Cell damage increases the risk of developing cancer

The World Health Organization and the Centers for Disease Control have classified x-rays as carcinogens. Studies have shown they can cause leukemia and cancers oft he breast, lung and thyroid. It is estimated that approximately 1% of cancers in the US are caused by medical imaging procedures.

How much radiation exposure does it take to induce cancer?

We don’t know the exact dose, but we do know that high doses are definitely related to increased cancer rates
Studies of atomic bomb survivors in Japan found an increase risk of developing cancer at high levels of exposure, starting at about 50 mSv (millisieverts)–that’s 16 X the current annual average exposure for Americans from medical exams.
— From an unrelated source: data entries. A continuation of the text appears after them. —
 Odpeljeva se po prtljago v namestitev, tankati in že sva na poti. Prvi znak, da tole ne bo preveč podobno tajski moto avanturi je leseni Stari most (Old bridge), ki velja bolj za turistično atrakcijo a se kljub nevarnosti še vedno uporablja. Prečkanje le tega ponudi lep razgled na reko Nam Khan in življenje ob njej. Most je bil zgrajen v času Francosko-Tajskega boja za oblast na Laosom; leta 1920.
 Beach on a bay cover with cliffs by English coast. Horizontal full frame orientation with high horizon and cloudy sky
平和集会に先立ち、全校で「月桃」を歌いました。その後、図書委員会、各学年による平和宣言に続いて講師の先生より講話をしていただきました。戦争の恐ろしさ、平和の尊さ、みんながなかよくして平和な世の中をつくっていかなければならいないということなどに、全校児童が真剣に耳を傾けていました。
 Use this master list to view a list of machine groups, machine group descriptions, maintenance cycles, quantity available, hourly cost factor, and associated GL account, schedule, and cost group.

A mSv is scientific unit of measurement for radiation dose. To put things in perspective, consider this: We are all exposed to background radiation from the environment, about 3mSv per year. The sources for “natural” or background radiation include radon gas which seeps out of the ground, cosmic rays and even the food we eat.
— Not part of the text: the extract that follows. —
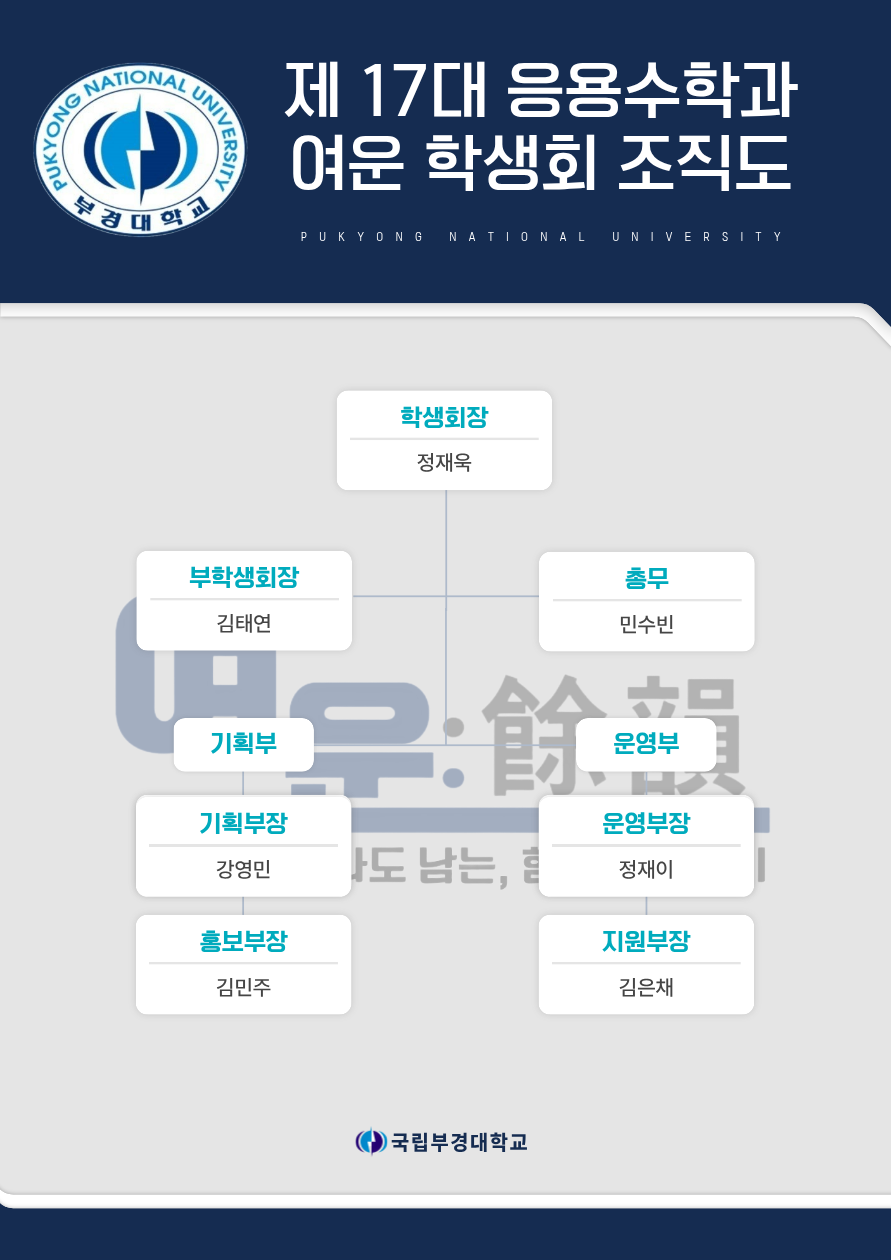 반갑습니다. 국립부경대학교 제17대 응용수학과 여운 학생회 학생회장 정재욱입니다.

Is the radiation exposure the same for all x-ray exams?
No, each exam is different. CT examinations and those using barium and dye lead to much higher exposures.

CT Exam Abdomen–10mSv

CT Exam Chest–8mSv

CT Colonoscopy–5mSv

CT Exam Cardiac–2mSv

Barium Enema–4-7mSv

Upper GI Series–2-3mSv

Chest X-ray–0.1mSv


Does this mean than patients should avoid CT scans?

Absolutely not! When medically indicated, the benefits of CT and other radiology exams–detecting cancer and other life-threatening conditions–far outweigh the potential risks of radiation-induced cancer
However, patients should be cautious. It doesn’t hurt to ask your doctor if the exam is really indicated. You may want to inquire about other types of imaging exams that don’t use ionizing radiation, like ultrasound or MRI

What about these new so-called total body scans for people without symptoms? Are they worth the risk?

Probably not


The probability of a false positive finding–an abnormal scan when there is not significant disease–is far more likely than finding a life-threatening condition
However, CT scans can be very beneficial when a person has signs or symptoms of some particular disease or other medical condition

Are there certain groups that are more sensitive than others to radiation exposure? Yes

Children. Tissues more sensitive than adults’ because of rapidly dividing cells.

Women. Breast tissue, especially in premenopausal women, more sensitive than other body parts to the effects of radiation.


Never refuse a radiological examination for a potentially life-threatening condition

Ask your doctor, or the radiologist supervising your examination, about the dose of any exam you might have.
Keep a radiation diary. The effects of radiation can be cumulative.